Task requirements:
Would you repeat exactly the part of the listing below that runs from the line containing "普段は立ち入ることができない" down to the line containing "- Export in", inclusive, and nothing else?

Source records:
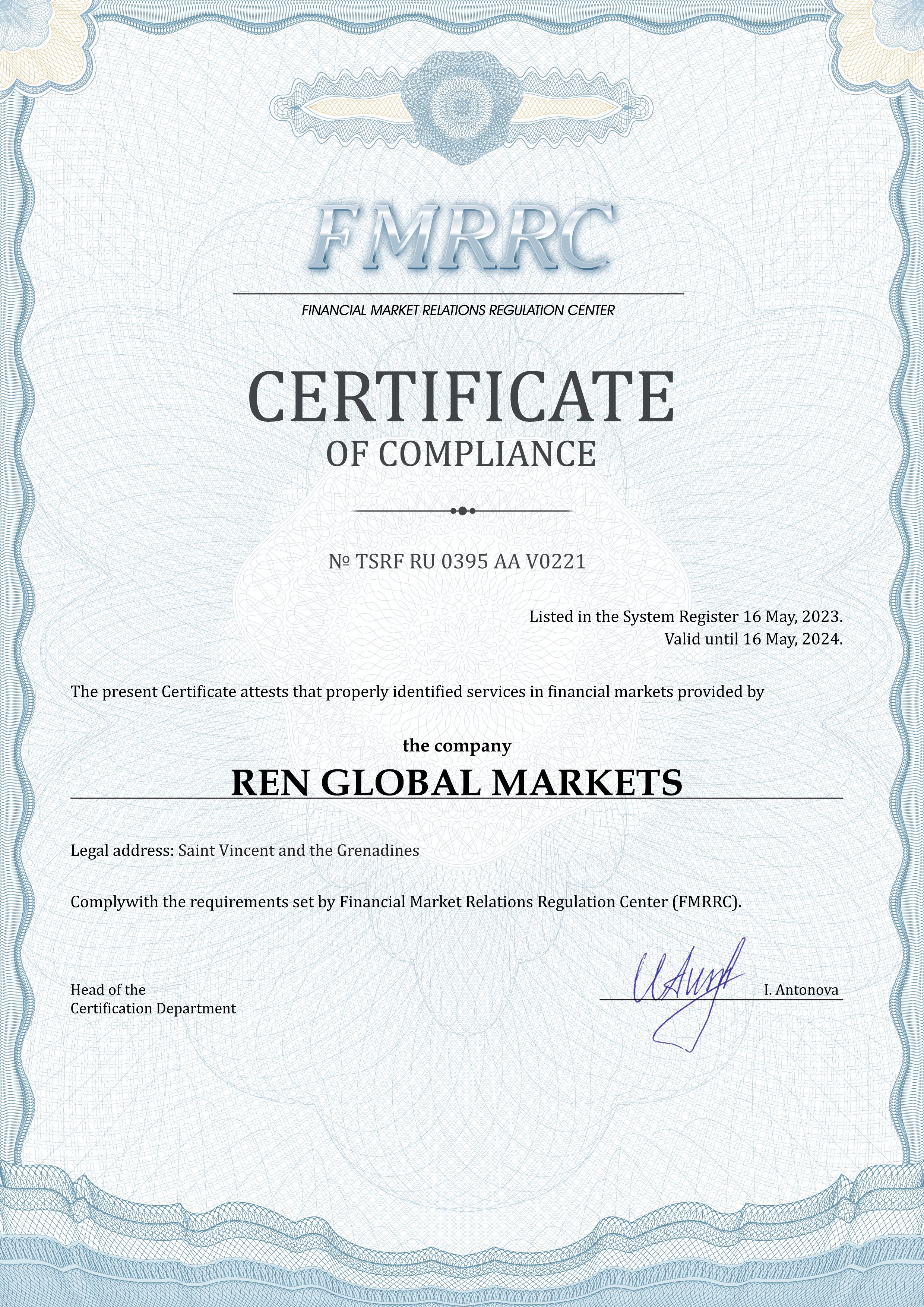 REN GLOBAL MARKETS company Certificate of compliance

---

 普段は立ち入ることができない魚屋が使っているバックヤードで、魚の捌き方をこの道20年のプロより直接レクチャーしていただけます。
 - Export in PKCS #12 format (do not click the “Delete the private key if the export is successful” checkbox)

Task response:
 普段は立ち入ることができない魚屋が使っているバックヤードで、魚の捌き方をこの道20年のプロより直接レクチャーしていただけます。
 - Export in PKCS #12 format (do not click the “Delete the private key if the export is successful” checkbox)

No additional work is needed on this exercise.